= Roughler =

The Roughler chronicled life in Ladbroke Grove in the 1980s and 1990s before the last Bohemians were forced out. The magazine was single-handedly produced by Ray Roughler Jones, a refugee from Swansea, and contained contributions from The Clash, Will Self, Jock Scott, Shane MacGowan, Neneh Cherry, Joe Rush of Mutoid Waste, Keith and Kevin Allen plus local heroes such as Steve Underground, John The Hat and Ian Bone of Class War. It was headquartered in West London. It was published between 1983 and 2004.

It provided a focus for a shambolic group of creative people and offshoots included the infamous Roughler Gallery in an abandoned Chinese takeaway in NoGo (North of Golborne Road). The Roughler chronicled the rise and fall of the Portobello Panto, through the internecine Panto Wars of the early 90s when Anna Chancellor and her dastardly gang of toffs put on a rival production.

RoughlerTV was launched at Portobello Film Festival 2007 with a daily webcast and in July 2008, RoughlerTV exhibited psychogeographic installations on the top floor of the Louis T Blouin Institute in 'It Happened Here', the opening of 'Art After Dark'. Five weeks later, they were invited back to stage A Quality Shambles, a post-Situationist Happening. In 2010, Tangent Books published Ray Roughler Jones' memoir, Drowning On Dry Land, which was described as "absurdly brilliant" by Jake Arnott. This book, released on 1 September, describes Ray's travails in Swansea, Ladbroke Grove and San Francisco. Rhys Ifans suggests 'I knew Ray as a Swansea Jack, But I never knew he was the Swansea Jack Kerouac'. Jones was voted Notting Hill Local Personality of the Year 2011 by mynottinghill website.
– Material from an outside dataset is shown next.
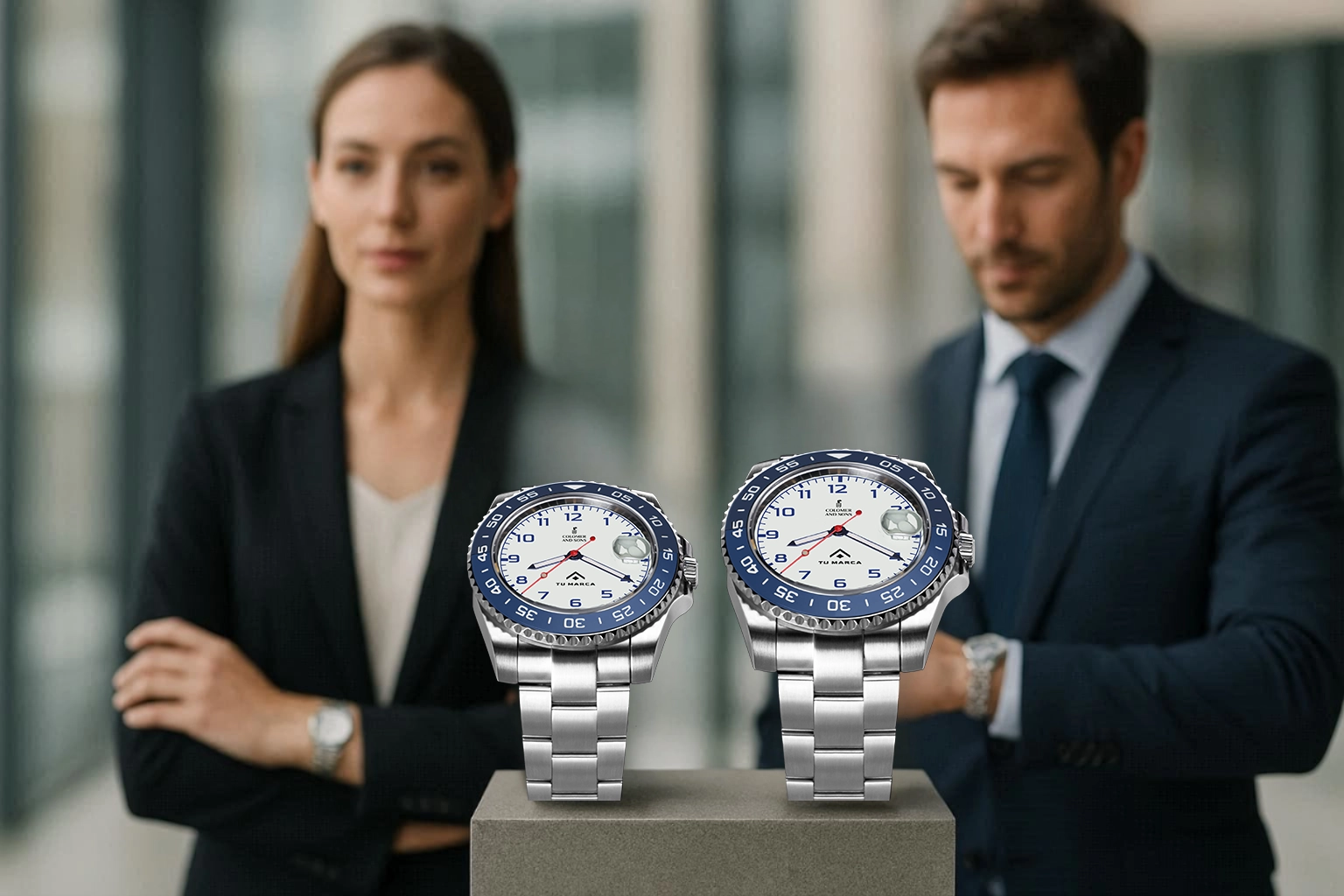 Personalizamos tu reloj con los colores que prefieras, ya sean corporativos o personales, tanto en el dial como en el bisel. Esto permite crear un diseño que refleje la identidad de tu marca o un estilo único y distintivo. La combinación de colores convierte cada reloj en una pieza original y perfectamente alineada con tu imagen.

October 2015 saw the publication of Rays 3000 Hangovers Later, a book of photographs of The Warwick Castle on Portobello Rd in the 1980s. From 25 October, Jones can be seen as Dai Bread in Kevin Allens film of Under Milk Wood.

From 2014 Ray has been the spoken word director at Portobello Live Festival.

2016 saw the formation of a new Country rock band GLORY BOUND. 16 December saw the release of a 10" vinyl E.P. Hey Cowgirl (which way's the Rodeo).

In Spring 2018 Glory Bound returned to the Studio recording their new single Let's all get Drunk. Being released this summer.